Parameters : n_states : int
Number of mixture components.
cvtype : string (read-only)
String describing the type of covariance parameters to use. Must be one of ‘spherical’, ‘tied’, ‘diag’, ‘full’. Defaults to ‘diag’.
Examples
>>> import numpy as np >>> from scikits.learn import mixture >>> g = mixture.GMM(n_states=2)
>>> # Generate random observations with two modes centered on 0 >>> # and 10 to use for training. >>> np.random.seed(0) >>> obs = np.concatenate((np.random.randn(100, 1), ... 10 + np.random.randn(300, 1))) >>> g.fit(obs) GMM(cvtype='diag', n_states=2) >>> g.weights array([ 0.25, 0.75]) >>> g.means array([[ 0.05980802], [ 9.94199467]]) >>> g.covars [array([[ 1.01682662]]), array([[ 0.96080513]])] >>> np.round(g.weights, 2) array([ 0.25, 0.75]) >>> np.round(g.means, 2) array([[ 0.06], [ 9.94]]) >>> np.round(g.covars, 2) ... array([[[ 1.02]], [[ 0.96]]]) >>> g.predict([[0], [2], [9], [10]]) array([0, 0, 1, 1]) >>> np.round(g.score([[0], [2], [9], [10]]), 2) array([-2.32, -4.16, -1.65, -1.19])

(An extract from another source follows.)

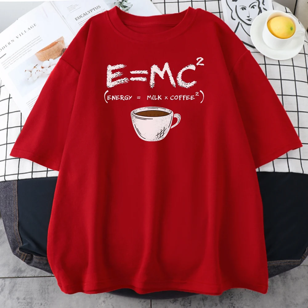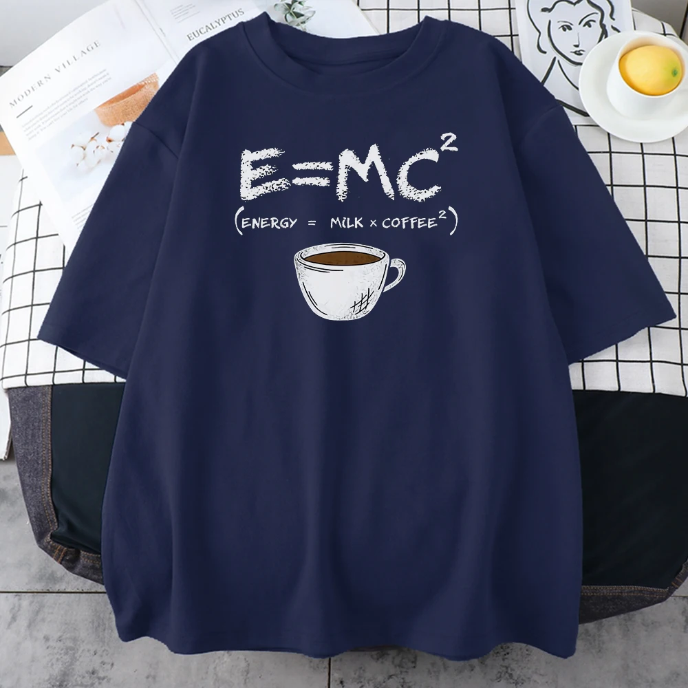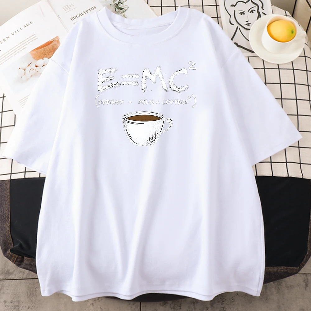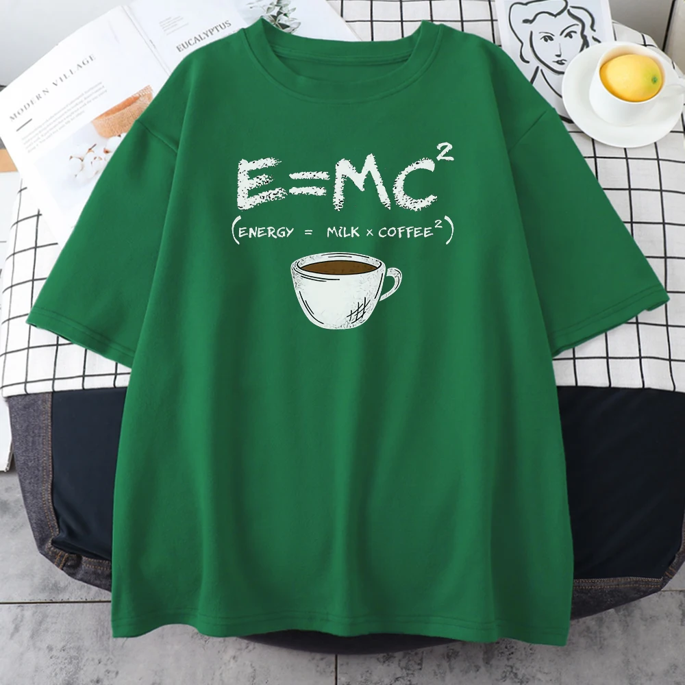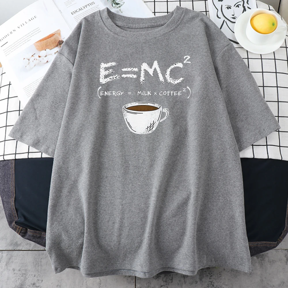 Футболка женская с принтом energy = milk + coffee, модная повседневная простая дышащая футболка свободного покроя, в стиле Харадзюку, на лето

>>> # Refit the model on new data (initial parameters remain the >>> # same), this time with an even split between the two modes. >>> g.fit(20 * [[0]] + 20 * [[10]]) GMM(cvtype='diag', n_states=2) >>> np.round(g.weights, 2) array([ 0.5, 0.5])
Attributes
cvtype Covariance type of the model. n_states Number of mixture components in the model. weights Mixing weights for each mixture component. means Mean parameters for each mixture component. covars Return covars as a full matrix. n_features int Dimensionality of the Gaussians. Methods
decode(X) Find most likely mixture components for each point in X. eval(X) Compute the log likelihood of X under the model and the posterior distribution over mixture components. fit(X) Estimate model parameters from X using the EM algorithm. predict(X) Like decode, find most likely mixtures components for each observation in X. rvs(n=1) Generate n samples from the model. score(X) Compute the log likelihood of X under the model. - __init__(n_states=1, cvtype='diag')¶
- covars¶
Return covars as a full matrix.
- cvtype¶
Covariance type of the model.
Must be one of ‘spherical’, ‘tied’, ‘diag’, ‘full’.
- decode(obs)¶
Find most likely mixture components for each point in obs.

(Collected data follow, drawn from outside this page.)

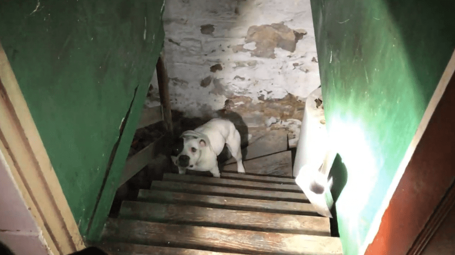 Den här stackars pitbullen blev övergiven fastkedjad i en källare. Lämnad ensam för att dö, eller med lite tur bli hittad innan det är för sent av den nya ägaren.
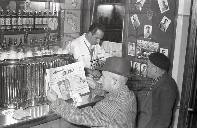 Sul bancone si nota la macchina del caffè mentre sulla mensola sono presenti le bottiglie di Bianco Sarti
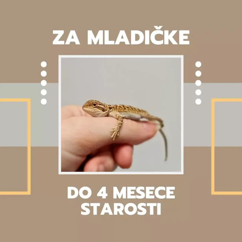 Agame – do 4. mesece starosti; so najbolj ranljive in dovzetne za bolezni, zato je zdrava in raznolika prehrana zelo pomembna. Za mladičke agam je predvideno hranjenje med 15-20 žuželk dnevno, zadostuje za ca. 14 dni. Paket vsebuje:
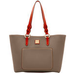 Wakefield Tassel Tote Crafted in Dooney and Bourke's signature pebble leather, this softly structure tote is detailed with contrasting Vacchetta leather trim and finished with a tassel tie. Features include three inside slip pockets, cell phone pocket, inside key hook, line, adjustable, detachable strap. Strap drop length 26 inches. Handle drop length 4.5 inches. Measures H 9 in x W 12 in x D 5 in. Color: Oyster ... View Details » |
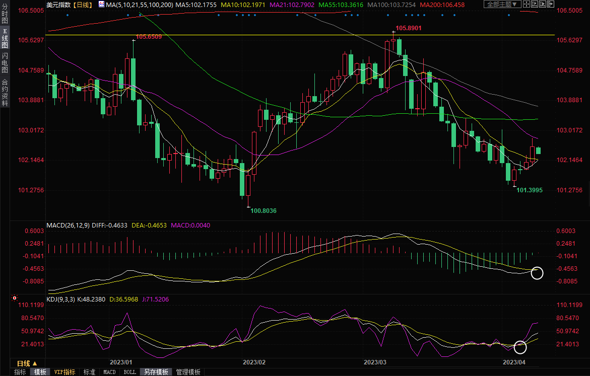 美元指数周一尾盘上涨0.44%,收报102.57,此前曾达到102.81,为4月3日以来最高。技术面来看,美元指数短线看涨信号显著增强,短线有望延续反弹走势,这可能会继续压制金价走势。不过,周二美元指数小幅走弱,目前下跌0.2%,交投于102.36附近。

Parameters : obs : array_like, shape (n, n_features)
List of n_features-dimensional data points. Each row corresponds to a single data point.
Returns : logprobs : array_like, shape (n,)
Log probability of each point in obs under the model.
components : array_like, shape (n,)
Index of the most likelihod mixture components for each observation
- eval(obs)¶
Evaluate the model on data
Compute the log probability of obs under the model and return the posterior distribution (responsibilities) of each mixture component for each element of obs.
Parameters : obs : array_like, shape (n, n_features)
List of n_features-dimensional data points. Each row corresponds to a single data point.
Returns : logprob : array_like, shape (n,)
Log probabilities of each data point in obs
posteriors: array_like, shape (n, n_states) :
Posterior probabilities of each mixture component for each observation
- fit(X, n_iter=10, min_covar=0.001, thresh=0.01, params='wmc', init_params='wmc')¶
Estimate model parameters with the expectation-maximization algorithm.
A initialization step is performed before entering the em algorithm. If you want to avoid this step, set the keyword argument init_params to the empty string ‘’. Likewise, if you would like just to do an initialization, call this method with n_iter=0.
Parameters : X : array_like, shape (n, n_features)
List of n_features-dimensional data points. Each row corresponds to a single data point.
n_iter : int, optional
Number of EM iterations to perform.
min_covar : float, optional
Floor on the diagonal of the covariance matrix to prevent overfitting. Defaults to 1e-3.
thresh : float, optional
Convergence threshold.
params : string, optional
Controls which parameters are updated in the training process. Can contain any combination of ‘w’ for weights, ‘m’ for means, and ‘c’ for covars. Defaults to ‘wmc’.
init_params : string, optional
Controls which parameters are updated in the initialization process. Can contain any combination of ‘w’ for weights, ‘m’ for means, and ‘c’ for covars. Defaults to ‘wmc’.
- means¶
Mean parameters for each mixture component.
- n_states¶
Number of mixture components in the model.
- predict(X)¶
Predict label for data.
Parameters : X : array-like, shape = [n_samples, n_features] Returns : C : array, shape = [n_samples]
- predict_proba(X)¶
Predict posterior probability of data under each Gaussian in the model.
Parameters : X : array-like, shape = [n_samples, n_features]
Returns : T : array-like, shape = [n_samples, n_states]
Returns the probability of the sample for each Gaussian (state) in the model.
- rvs(n=1)¶
Generate random samples from the model.
Parameters : n : int
Number of samples to generate.
Returns : obs : array_like, shape (n, n_features)
List of samples
- score(obs)¶
Compute the log probability under the model.
Parameters : obs : array_like, shape (n, n_features)
List of n_features-dimensional data points. Each row corresponds to a single data point.
Returns : logprob : array_like, shape (n,)
Log probabilities of each data point in obs
- weights¶
Mixing weights for each mixture component.